Students in England are to be offered accelerated two-year degree courses which will cut tuition fees by 20 per cent, if new government proposals are approved.
Universities will be allowed to charge higher annual rates for the condensed courses – but, because there will be one fewer year compared to traditional degrees, the overall price will fall.
Sam Gyimah, universities minister, announced the plans in a statement on Sunday.
He said centres would charge about £11,000 a year for the fast-track learning, which would mean students coughing up roughly £5,750 less for the full course, which is £27,750 for three years.
And he added that he hoped the proposals would widen the appeal of higher education by making the resulting debt more manageable and reducing the time commitment required.
“Accelerated degrees not only make it possible for the next generation of students to access higher education and the undeniable financial, academic and personal benefits it has to offer but drives the sector to offer dynamic choices that serve students’ needs,” he said.
The courses would have the same number of teaching hours but crammed into two extended 45-week years.
But the plans – which will raise annual fees above the legal cap of £9,250 – will first require parliamentary approval.
If that is forthcoming, Mr Gyimah says such courses could potentially operate from next year.
A previous consultation said the government should aim to have 5 per cent of all students taking the shorter courses within 10 years.
However, the head of one of the first universities to offer two-year degrees more than 40 years ago has warned that many centres will find it difficult to adapt.
Sir Anthony Seldon, vice-chancellor of the University of Buckingham, said: “Two-year degrees are a more efficient and cost-effective method for students to get on with their careers and their lives.”
But he told the BBC: “Universities offering three-year degrees will find it difficult to restructure.
“We would like the universities minister to engage in discussions with us in order to assist independent providers who offer two-year degrees.”
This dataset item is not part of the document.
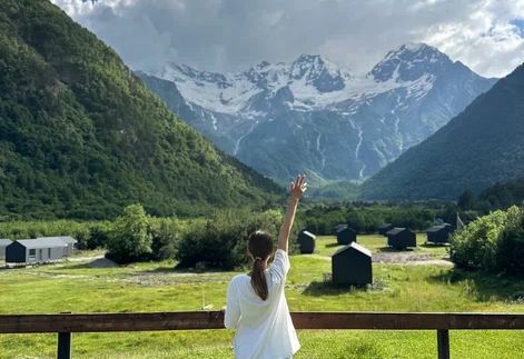 Поднимаемся по канатной дороге к леднику: внизу — крошечные деревья, горная дорога и крыши домов, а вокруг — только горы, тишина и прохладный воздух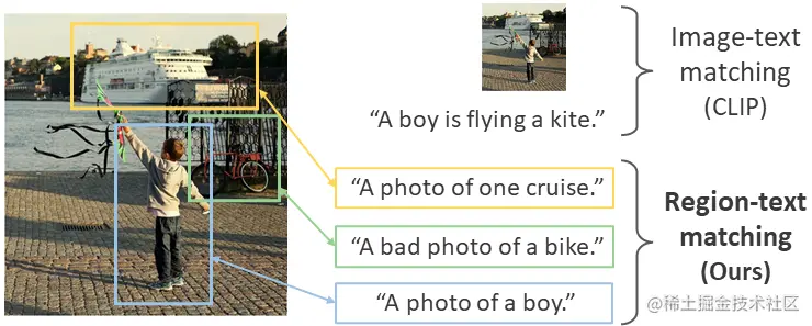 论文简介:However, we show that directly applying such models to recognize image regions for object detection leads to poor performance due to a domain shift: CLIP was trained to match an image as a whole to a text description, without capturing the fine-grained alignment between image regions and text spans./然而,我们表明,直接应用这样的模型来识别图像区域进行物体检测,会因为领域变化而导致性能不佳。CLIP被训练为将图像整体与文本描述相匹配,而没有捕捉到图像区域和文本跨度之间的细粒度对齐。

The University and College Union, which represents researchers and teaching staff, also expressed concerns.
It said there was “an educational risk that fast track programmes will make it harder for students to combine study with periods of reflection, critical thinking and a ‘deep approach’ to learning”.
It added it would also make it harder for them to earn money at the same time as studying, and would make it harder for those studying while trying to juggle other responsibilities like childcare.